Note that less than 2/3rds of innovation leaders invest enough in innovation to hit targets, and barely more than 2/3rds of innovation leaders think their priorities and scoped projects reflect innovation strategies and goals.  These are the LEADERS in innovation, and their poor showing reflects the confusion and lack of clarity and purpose around innovation in their own companies, much less the confusion and disarray in the laggards.

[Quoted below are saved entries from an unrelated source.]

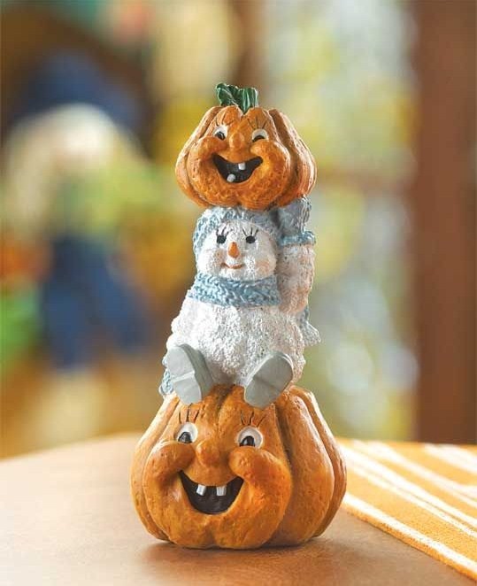 - A happy trio of holiday figures has a merry old time, playfully stacking in totem-pole fashion.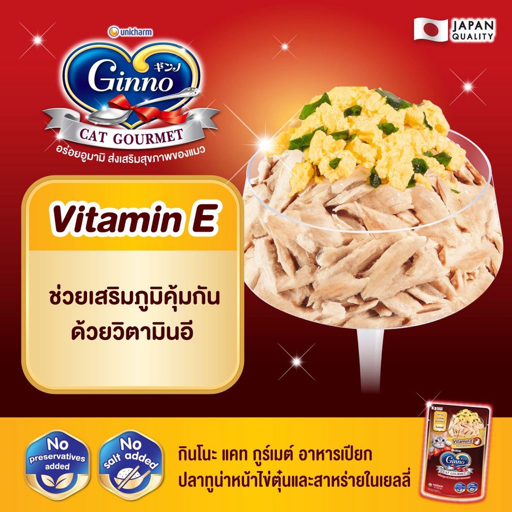 Ginno กินโนะ อาหารเปียกแมว เกรดพรีเมี่ยม ไม่เติมเกลือ ขนาด 60 g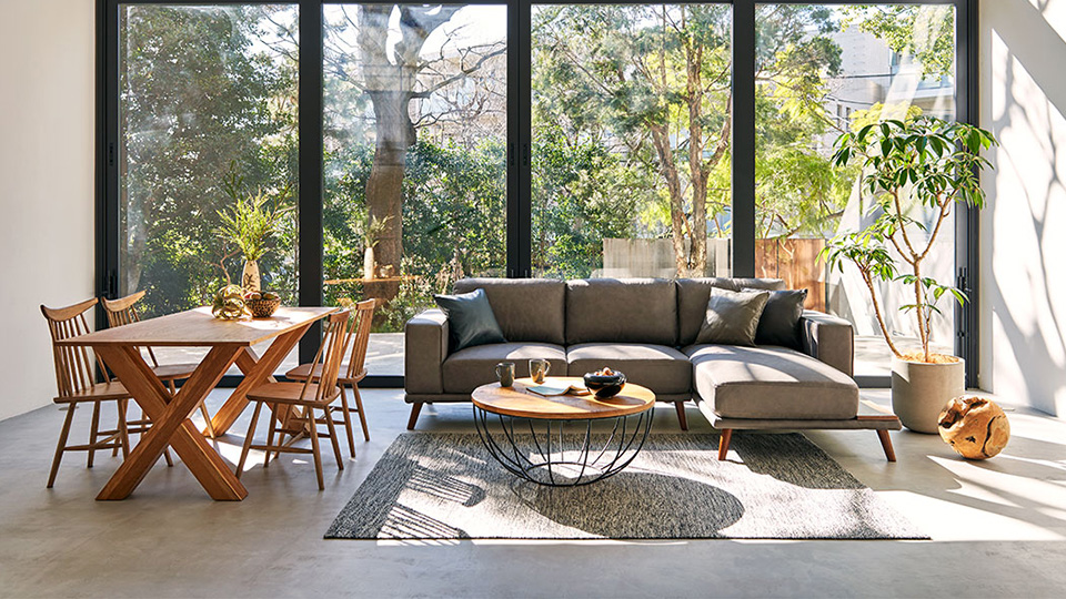 カウチ部に天板のある、ユニークなデザインのソファと、クロスした脚部が印象的なオーク材のダイニングテーブルを中心としたリビングダイニングのスタイリング。インテリアアイテムながら、どことなくアウトドアやグランピングを連想させるダイニングテーブルに合わせ、ウッドを使用したチェアやローテーブルだけでなく、小物でもウッドの球などを組み合わせて、インドアながら、程よいアウトドア感をプラスしてみました。テーブルの脚やソファアームはどっしりと。それに対してダイニングチェアやローテーブルは抜け感を意識。ひとつひとつのアイテムも勿論魅力的なものを組み合わせていますが、重すぎず、軽すぎず。ナチュラルすぎず、モダンすぎず。のこのミックス感を気に入ってもらえたら嬉しいです。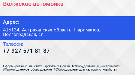 Волжское, автомойка по адресу 416134, Астраханская область, Нариманов, Волгоградская, 1г в дальнейшем Организация, размещена в следующих категориях: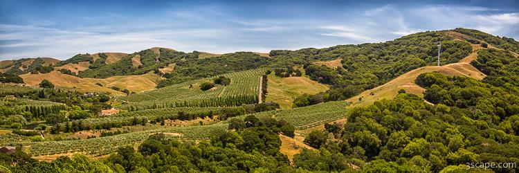 A beautiful panoramic of Central California's wine country - vineyards around Napa Valley.

What's more disappointing is that these factors - making investments, setting targets, prioritizing projects - these are management activities that should be familiar and common to executives.  There's nothing strange or unusual about these actions and decisions, no reason to claim that inexperience with innovation leads to poor or unclear decisions.

What is "strategy"

Michael Porter describes strategy as:   defining a company's position, making trade-offs and forging fit among activities.  That is, defining who the company is and where it plays in a market, determining the tradeoffs that sustain it in its position or create new positions, and structuring the organization to achieve these goals.  If it is a senior executive team's job to define and implement strategy, then why is there a gap between these actions and what is necessary for innovation to thrive?  Because the gaps mentioned above - investing (making choices or tradeoffs) and prioritization and scope (defining investments and aligning the business) are strategic requirements to help run a business effectively.

True innovation, especially innovation targeted at introducing new products to the world or disrupting adjacent markets, requires clear strategic goals, alignment, buy-in across the organization and trade-offs.  Innovation activities and tools are often unusual or unfamiliar, not tools and methods that teams regularly exercise.  When the tools and methods are unfamiliar, the priorities, scope and funding needs to be crystal clear in order for innovation teams to work effectively.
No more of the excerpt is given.